Only 27 percent said they should be removed, and 11 percent said they were unsure.
The poll sample included 36 percent Democrats, 26 percent Republicans and 37 Independents.
Asked, “Do you think statues honoring leaders of the Confederacy should remain as a historical symbol,” 62 percent of those polled said yes, including 44 percent of Democrats, 82 percent of Republicans, and 61 percent of Independents.
Asked if they should “be removed because they are offensive to some people,” only slightly more of the Democrats agreed, at 47 percent.
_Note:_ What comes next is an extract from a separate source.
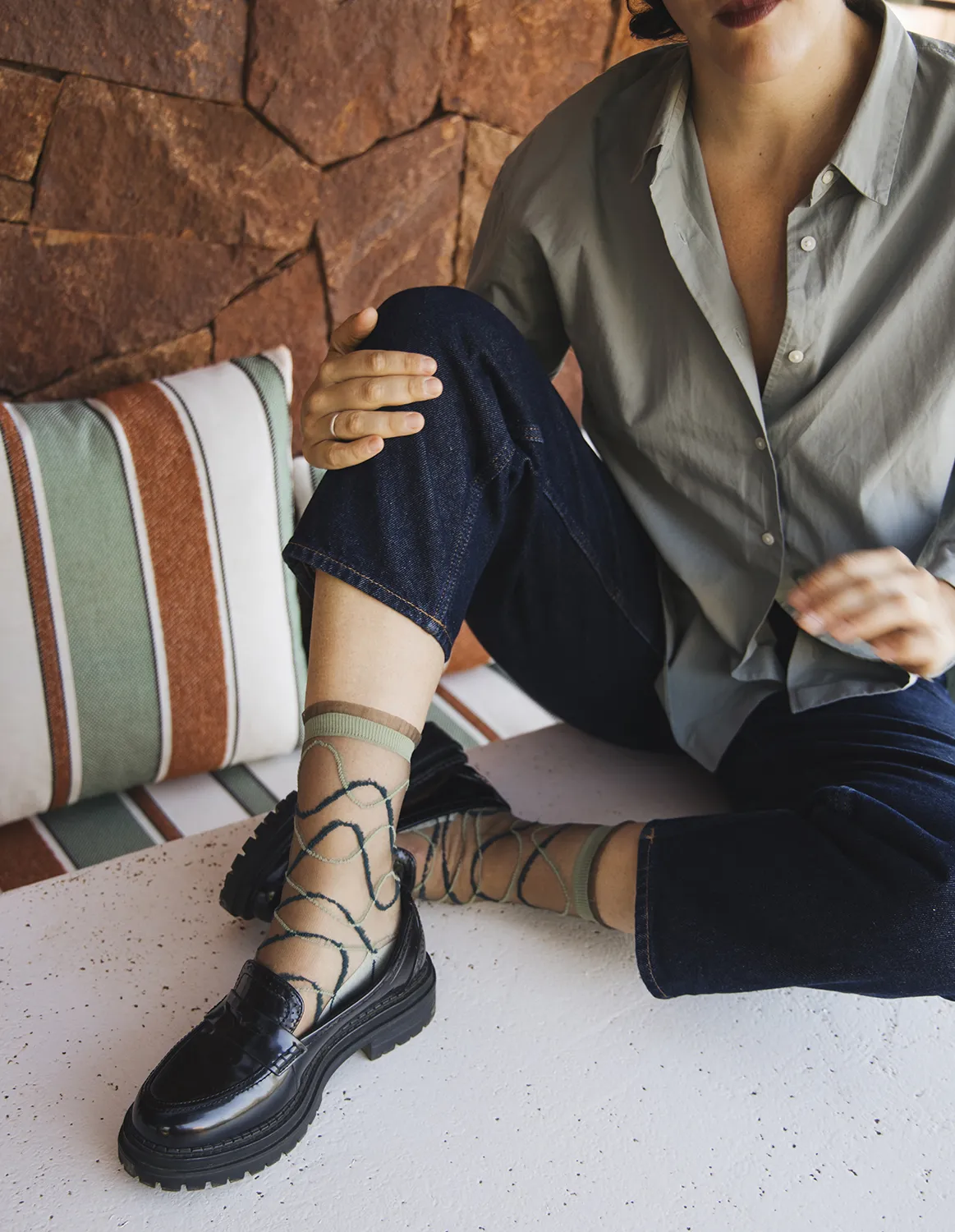 Riflessi Sauge er perfekte til dig, der ønsker et grafisk, moderne udtryk med en blød, naturlig farvetone. Den salviegrønne nuance tilfører strømperne et eksklusivt og stilfuldt præg, der kan kombineres med alt fra sneakers og loafers til sandaler og stilletter. Uanset om du ønsker at give et casual outfit et sofistikeret touch eller fuldende et elegant aftentøj, skaber Riflessi Sauge balance mellem minimalistisk design, urbane referencer og tidløs elegance.
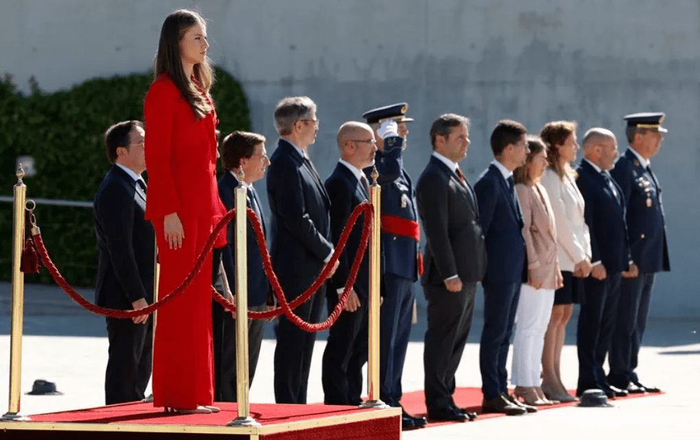 Para la ocasión, la princesa eligió un traje que hace referencia al estilismo usado por su madre, la reina Letizia: un traje rojo de Carolina Herrera (una de las diseñadoras favoritas de su progenitora) con delicados tacones nude. Su elección ha levantado todo tipo de comentarios positivos en redes sociales, que se hacen eco de su elegancia e impecable caminar.

Only six percent of Republicans agreed, and 27 percent of Independents.
The poll showed that the issue was divisive among African American respondents — 44 percent believed the statues should remain and 40 percent believed they should be removed.
The poll showed that white and Latino respondents felt similarly — 67 of white and 65 percent of Latino respondents believed the statues should stay; 25 percent of white and 24 percent of Latino respondents believed they should be removed.
The poll comes after violence erupted in Charlottesville, Virginia, between those opposing the removal of a statute of Robert E. Lee, a Confederate general, and those supporting it.
The majority of those polled agreed that the automobile attack in Charlottesville should be investigated as an act of domestic terrorism, and there was strong universal disagreement with the Klu Klux Klan — more than 90 percent among all political affiliations.